There are four main modes:
```
# 1. Use the default pickled license library file (recommended)
license-identifier -I /path/to/source/code

# 2. Use a particular pickled license library file
license-identifier -P /path/to/pickled_licenses -I /path/to/source_code

# 3. Use a license directory without building a pickled file (please make sure license files have .txt extensions)
license-identifier -L /path/to/license_directory -I /path/to/source_code

# 4. Build a pickled file from the specified license directory
license-identifier -L /path/to/license_directory -P /path/to/output_pickled_licenses
```

Integration
===

To call LiD, first instantiate a LicenseIdentifier object, and then call one of the "analyze\_" methods on a file/directory path.

```
lid = license_identifier.LicenseIdentifier(
threshold = 0.07,
run_in_parallel=False)
results = lid.analyze_input_path(path_to_files)
```

The results will be named a list of named tuples for each file, each named tuple representing a detected license in that file.
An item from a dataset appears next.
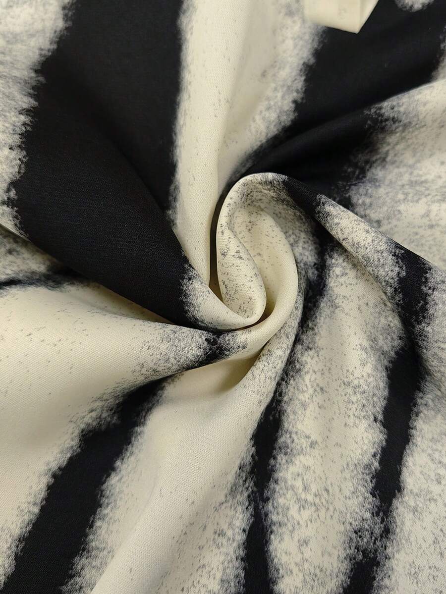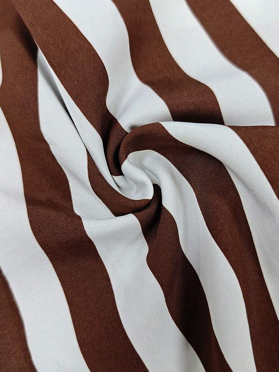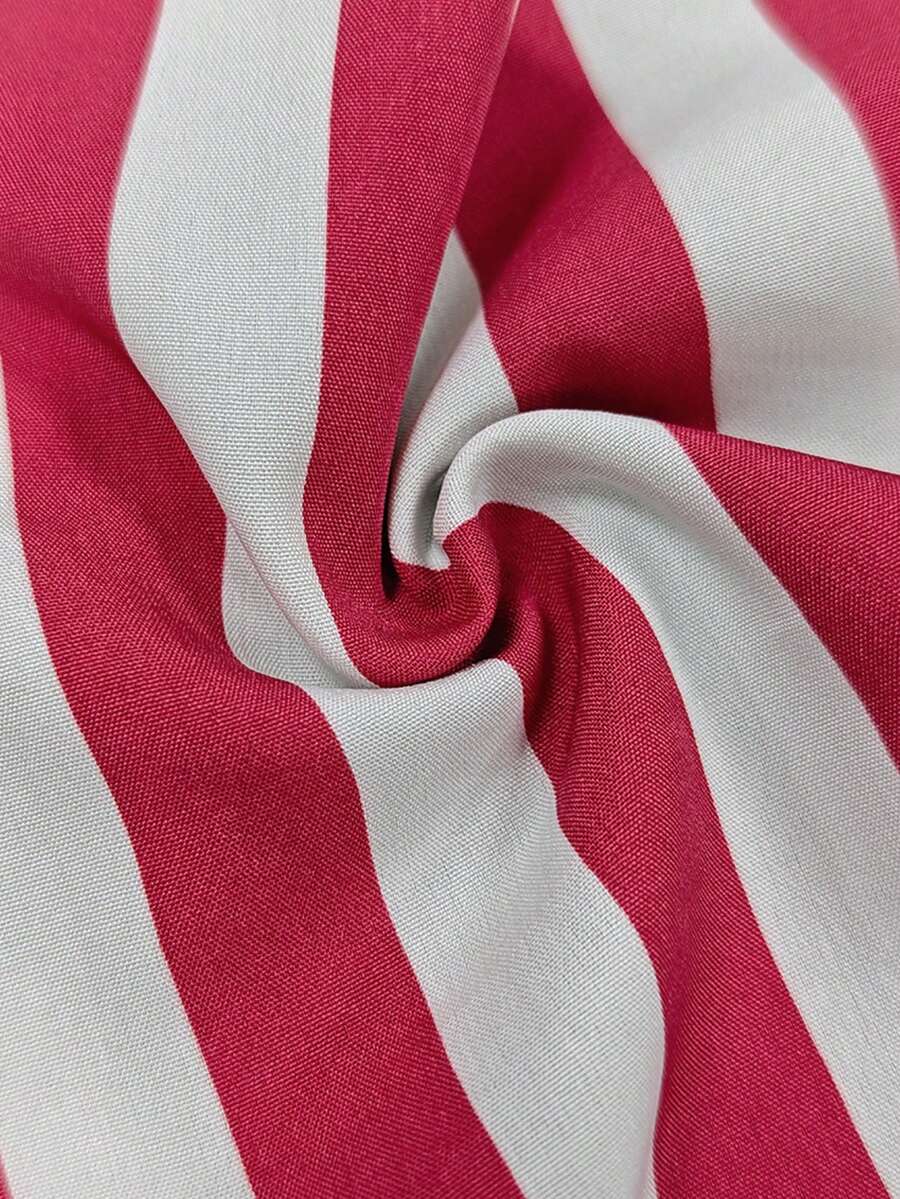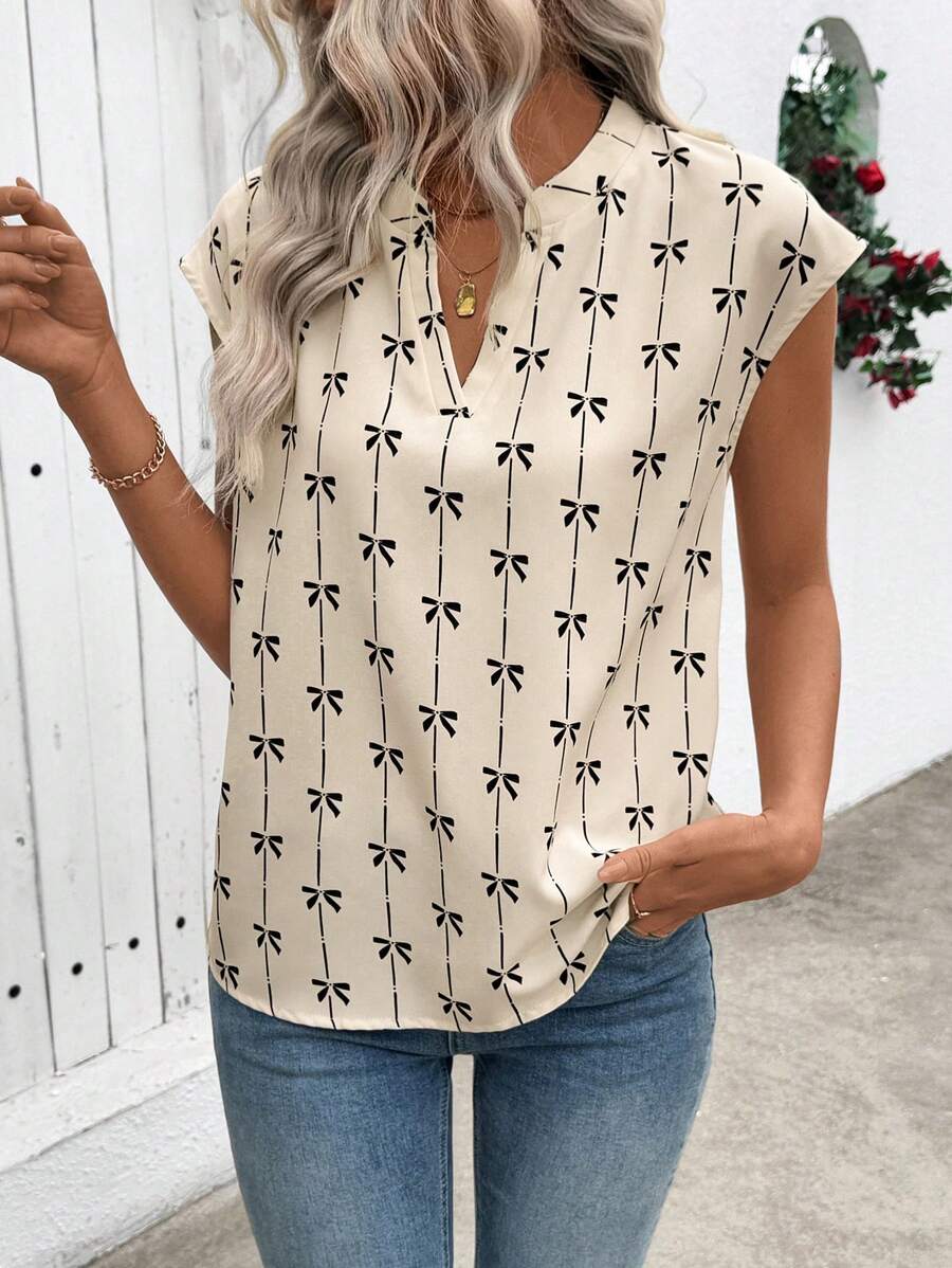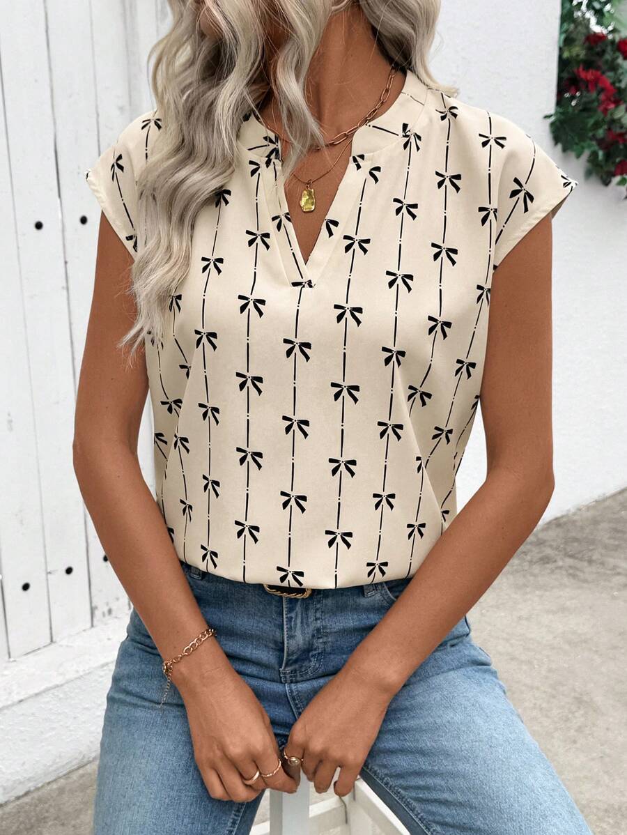 EMERY ROSE Notched V-Neck Stripe Print Elegant Office Wear Short Sleeve Blouse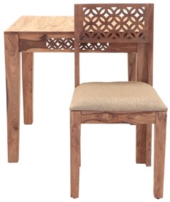 Drevený jedálenský set pre 4 osoby z masívu palisandra je perfektným doplnkom do každej modernej či tradičnej jedálne. Tento elegantný jedálenský set, ktorý je súčasťou kolekcie MIRA, prináša do vášho domova kúsok Indie. Vyrobený z vysoko kvalitného palisandrového dreva, ktoré je známe svojou odolnosťou a krásnou prírodnou kresbou, drevený jedálenský set je ideálnou voľbou pre tých, ktorí hľadajú štýlový a trvanlivý nábytok. Jedálenský stôl o rozmeroch 80 x 80 x 76 cm skvele poslúži ako pre rodinné večere, tak aj pre stretnutia s priateľmi. Doprevádzaný štyrmi pohodlnými drevenými stoličkami o rozmeroch 45 x 90 x 45 cm, tento jedálenský set do vášho priestoru prináša harmóniu designu a funkčnosti. Každý kus je dôkladne spracovaný, čo zaisťuje nielen esteticky príjemný vzhľad, ale aj dlhú životnosť. Vďaka použitiu masívneho dreva si môžete byť istí, že drevený nábytok vydrží aj tie najnáročnejšie podmienky každodenného používania. Drevený nábytok vhodný pre túto jedálenskú súpravu: 1- Drevený príborník na odkladanie riadu a stolovej bielizne. 2. Drevená vitrína na vystavenie sklenených výrobkov a dekorácií. 3. Drevený konferenčný stolík do obývacej časti. 4. Drevená lavica na rozšírenie sedenia v jedálni. Detail produktu: 1x jedálenského stola - š/v/h: 80/76/80 cm KÓD: MIRA-80 4x stoličiek - š/v/h: 45/90/45 cm KÓD: MIRA-CHT

The named tuple contains the following fields:
input_fp - input file path
matched_license - matched license type
score - Score using whole input test
start_line_ind - Start line number
end_line_ind - End line number
start_offset - Start byte offset
end_offset - End byte offset
region_score - Score using only the license text portion
found_region - Found license text
original_region - Matched license text without context

## Adding Licenses

If you want to add more licenses, please create a text file with the license text.
Then, save it into the `./data/license_dir/custom` folder.
Then, build the n-gram license library using `make pickle`.